_TASK PROMPT_
Retype, word for word, every line starting at the line with "The real issue" and ending with the final line of the entries; skip the pictures.

-----

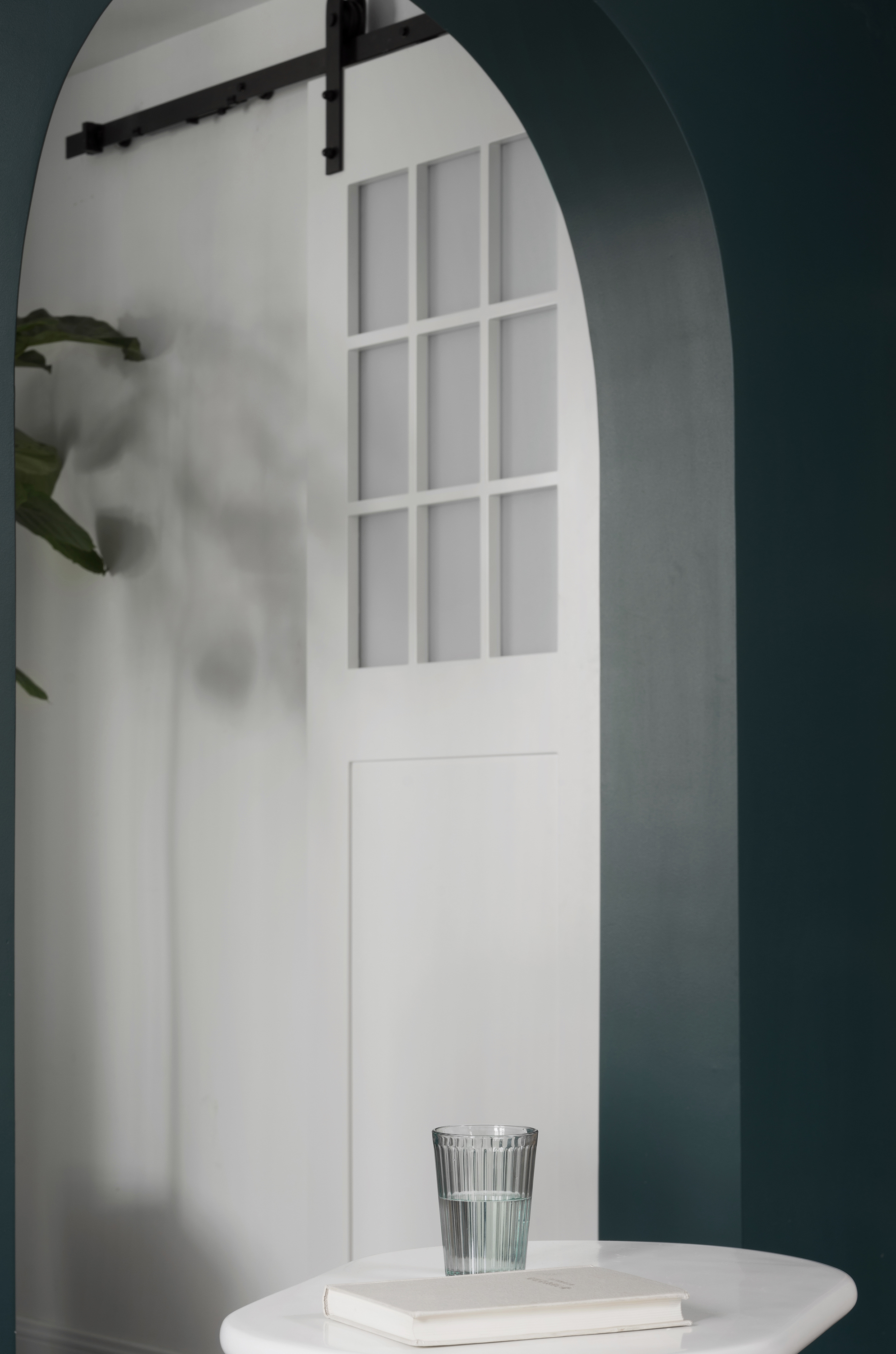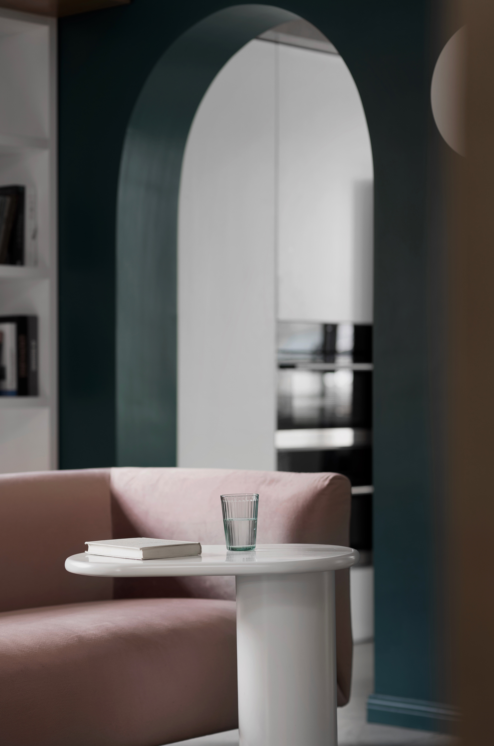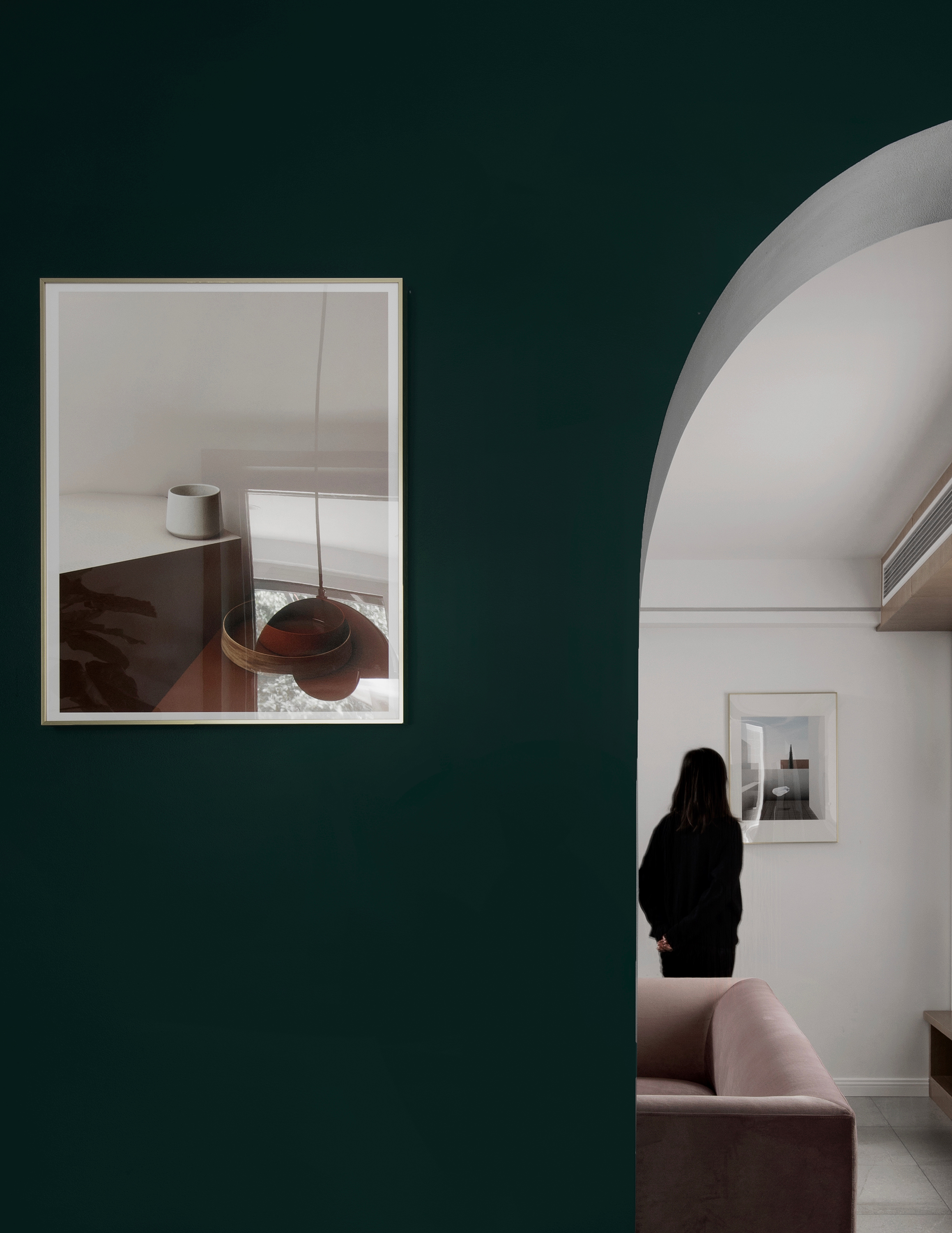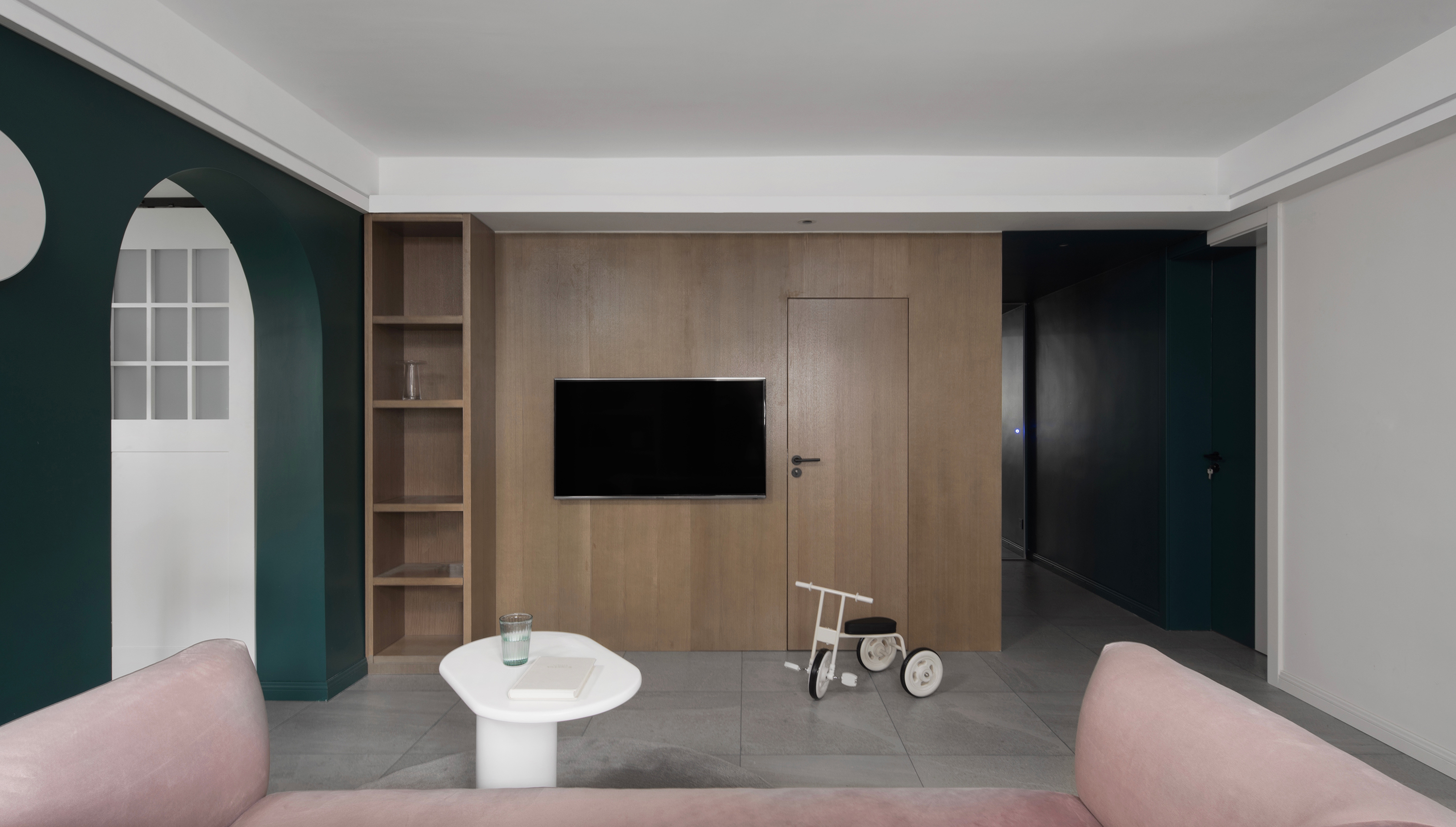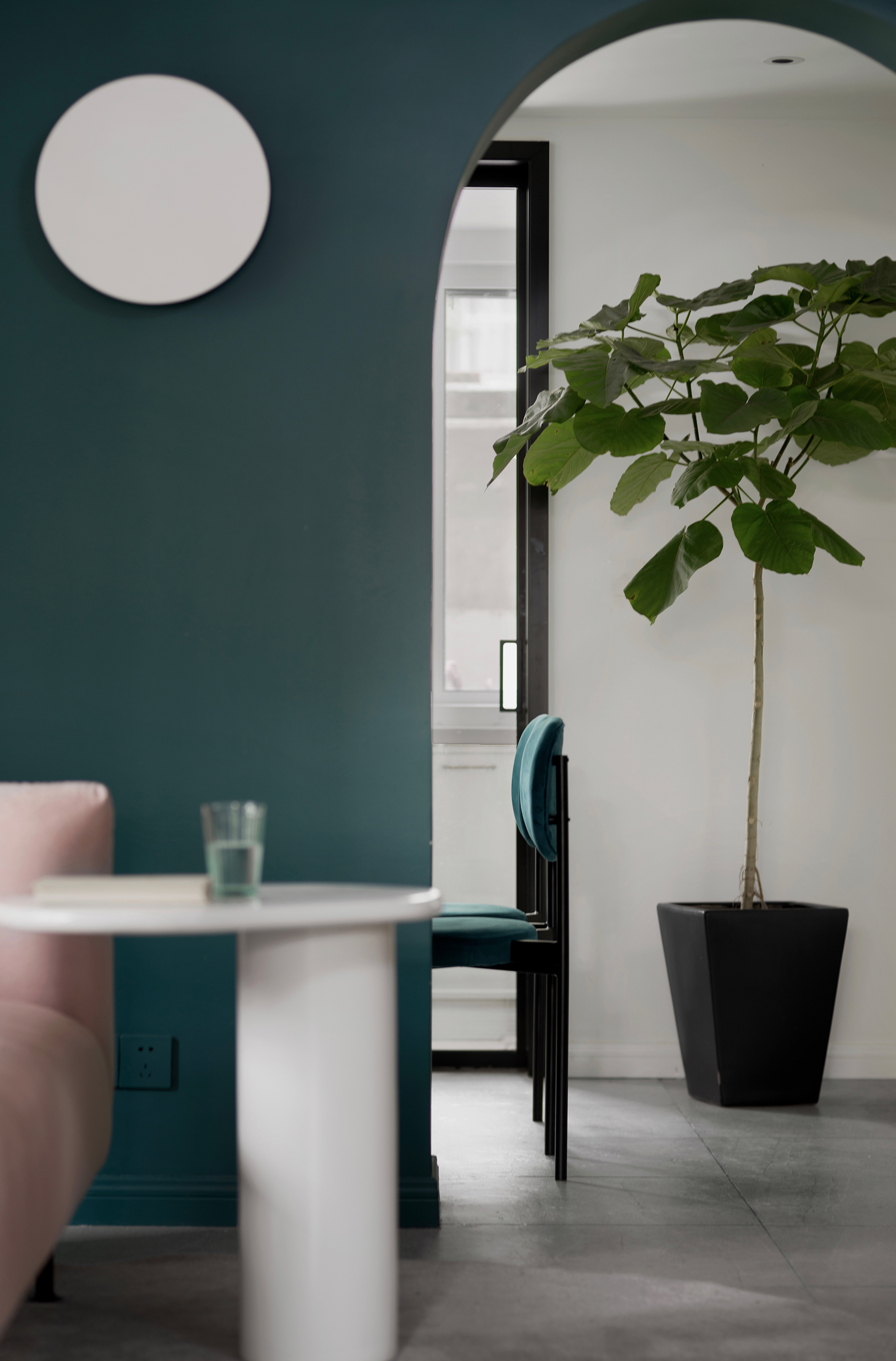 客厅沙发后方留过道,利用原窗户墙面做书柜和卡座,沙发后留空间,宝宝有更多动线。通过两个拱门可到餐厅。
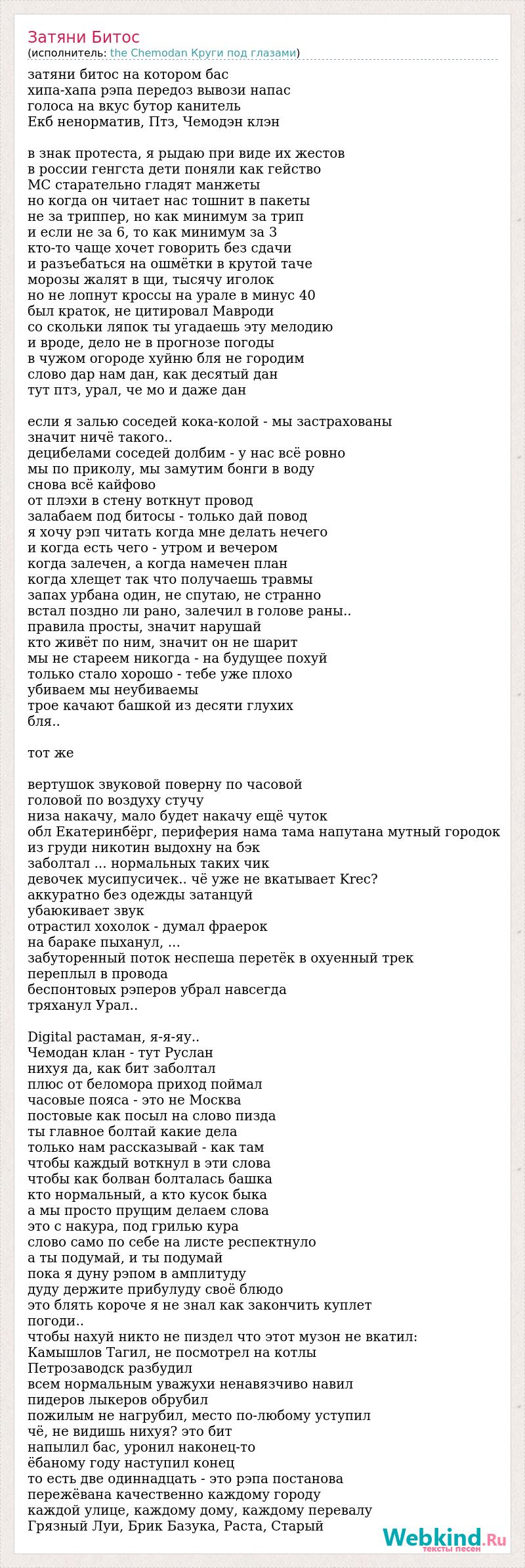 затяни битос на котором бас хипа-хапа рэпа передоз вывози напас голоса на вкус бутор канитель Екб ненорматив, Птз, Чемодэн клэн в знак протеста, я рыдаю при виде их жестов в россии генгста дети поняли как гейство МС старательно гладят манжеты но когда он читает нас тошнит в пакеты не за триппер, но как минимум за трип и если не за 6, то как минимум за 3 кто-то чаще хочет говорить без сдачи и разъебаться на ошмётки в крутой таче морозы жалят в щи, тысячу иголок но не лопнут кроссы на урале в минус 40 был краток, не цитировал Мавроди со скольки ляпок ты угадаешь эту мелодию и вроде, дело не в прогнозе погоды в чужом огороде хуйню бля не городим слово дар нам дан, как десятый дан тут птз, урал, че мо и даже дан если я залью соседей кока-колой - мы застрахованы значит ничё такого.. децибелами соседей долбим - у нас всё ровно мы по приколу, мы замутим бонги в воду снова всё кайфово от плэхи в стену воткнут провод залабаем под битосы - только дай повод я хочу рэп читать когда мне делать нечего и когда есть чего - утром и вечером когда залечен, а когда намечен план когда хлещет так что получаешь травмы запах урбана один, не спутаю, не странно встал поздно ли рано, залечил в голове раны.. правила просты, значит нарушай кто живёт по ним, значит он не шарит мы не стареем никогда - на будущее похуй только стало хорошо - тебе уже плохо убиваем мы неубиваемы трое качают башкой из десяти глухих бля.. тот же вертушок звуковой поверну по часовой головой по воздуху стучу низа накачу, мало будет накачу ещё чуток обл Екатеринбёрг, периферия нама тама напутана мутный городок из груди никотин выдохну на бэк заболтал ... нормальных таких чик девочек мусипусичек.. чё уже не вкатывает Krec? аккуратно без одежды затанцуй убаюкивает звук отрастил хохолок - думал фраерок на бараке пыханул, ... забуторенный поток неспеша перетёк в охуенный трек переплыл в провода беспонтовых рэперов убрал навсегда тряханул Урал.. Digital растаман, я-я-яу.. Чемодан клан - тут Руслан нихуя да, как бит заболтал плюс от беломора приход поймал часовые пояса - это не Москва постовые как посыл на слово пизда ты главное болтай какие дела только нам рассказывай - как там чтобы каждый воткнул в эти слова чтобы как болван болталась башка кто нормальный, а кто кусок быка а мы просто прущим делаем слова это с накура, под грилью кура слово само по себе на листе респектнуло а ты подумай, и ты подумай пока я дуну рэпом в амплитуду дуду держите прибулуду своё блюдо это блять короче я не знал как закончить куплет погоди.. чтобы нахуй никто не пиздел что этот музон не вкатил: Камышлов Тагил, не посмотрел на котлы Петрозаводск разбудил всем нормальным уважухи ненавязчиво навил пидеров лыкеров обрубил пожилым не нагрубил, место по-любому уступил чё, не видишь нихуя? это бит напылил бас, уронил наконец-то ёбаному году наступил конец то есть две одиннадцать - это рэпа постанова пережёвана качественно каждому городу каждой улице, каждому дому, каждому перевалу Грязный Луи, Брик Базука, Раста, Старый
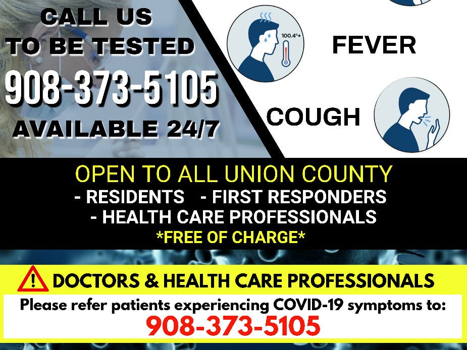 Beginning today, Union County residents, as well as all first responders and health workers working in the county regardless of residence, can report symptoms and schedule testing by calling 908-373-5105.
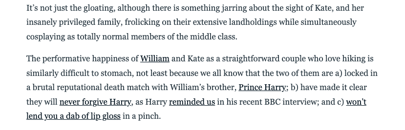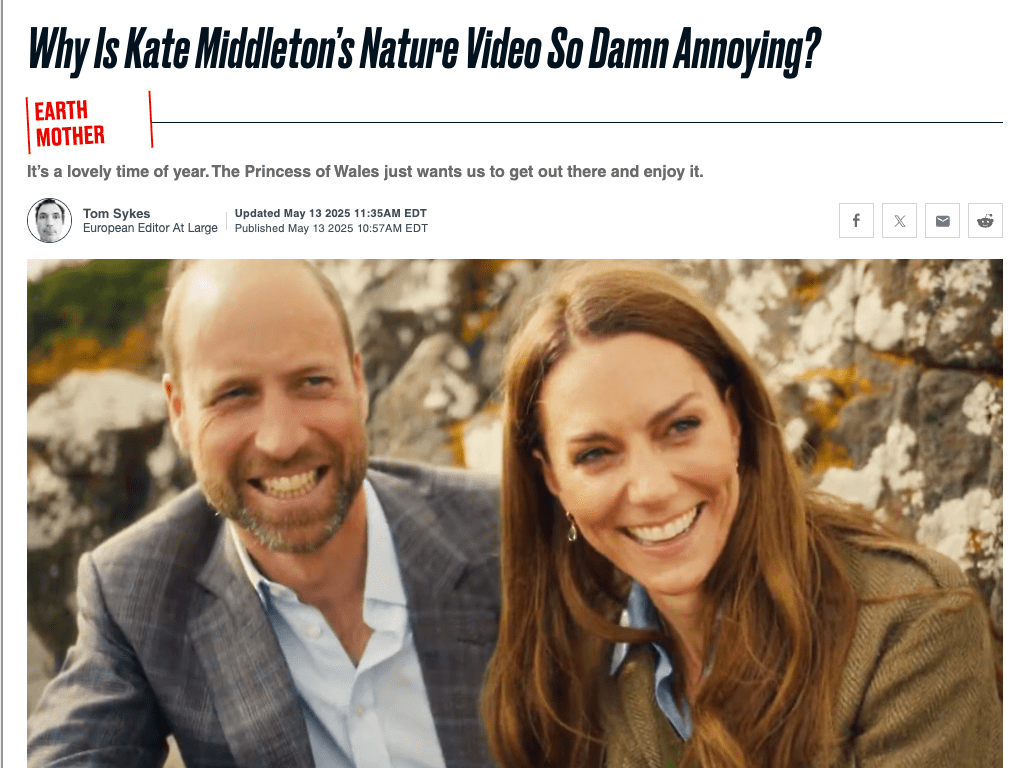 The real issue isn’t that Kate enjoys nature or finds it healing but it’s that the royal communications machine continues to package privilege as relatability. When you live behind palace walls, maybe don’t lecture the rest of us about getting outside. Or at least acknowledge that your outdoor experience might be slightly different from someone whose nearest green space is a traffic island.
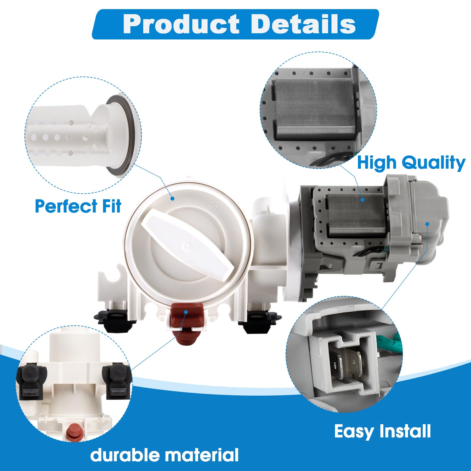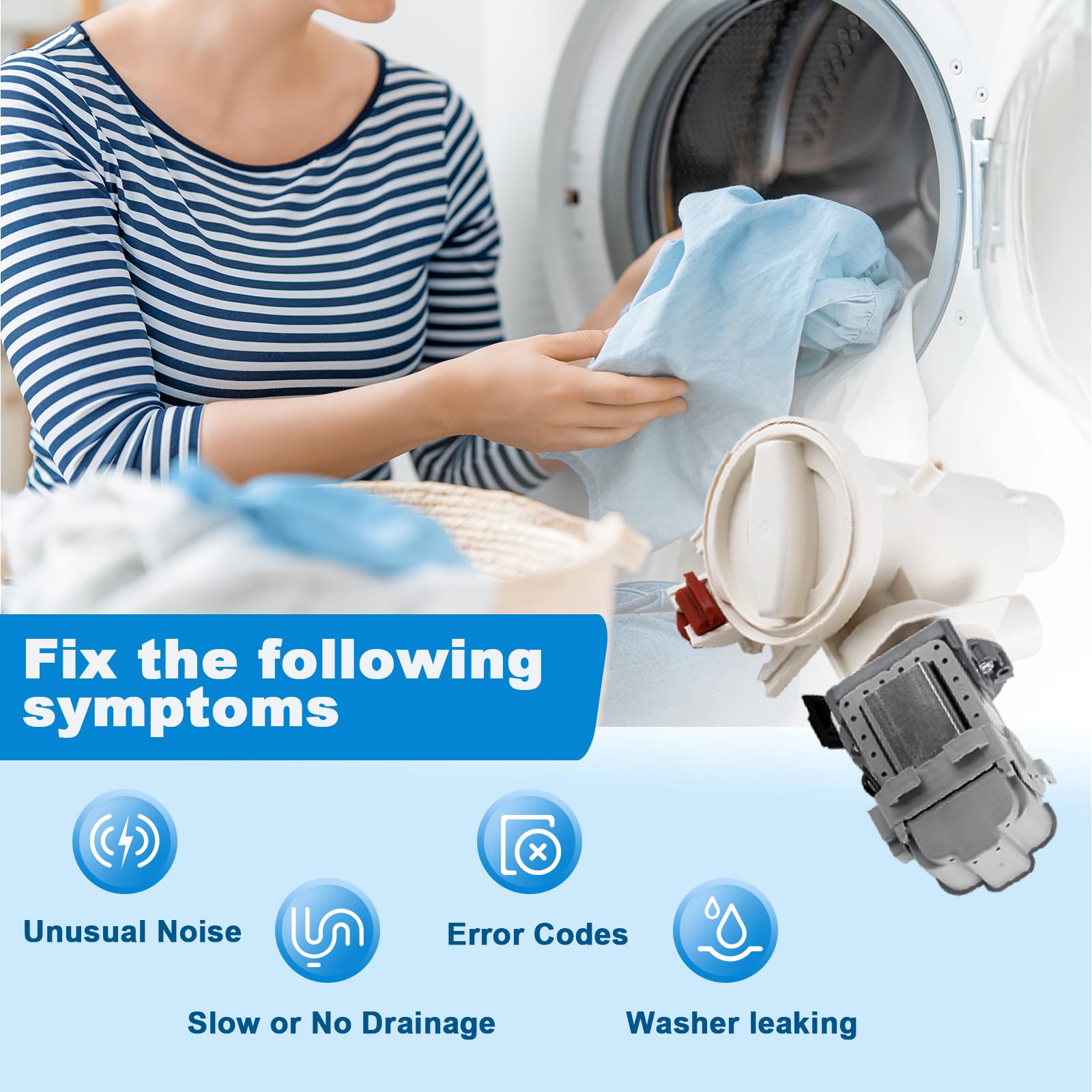 【High Quality】This 280187 8181684 Washer Drain Pump Filter is made of high-quality materials, it can effectively resolve not or slowly draining, error code, Pump overheating, unusual noises,pump damaged in your washer. It has been thoroughly tested to ensure long life and durability

-----

_OUTPUT BELOW_
 The real issue isn’t that Kate enjoys nature or finds it healing but it’s that the royal communications machine continues to package privilege as relatability. When you live behind palace walls, maybe don’t lecture the rest of us about getting outside. Or at least acknowledge that your outdoor experience might be slightly different from someone whose nearest green space is a traffic island.
 【High Quality】This 280187 8181684 Washer Drain Pump Filter is made of high-quality materials, it can effectively resolve not or slowly draining, error code, Pump overheating, unusual noises,pump damaged in your washer. It has been thoroughly tested to ensure long life and durability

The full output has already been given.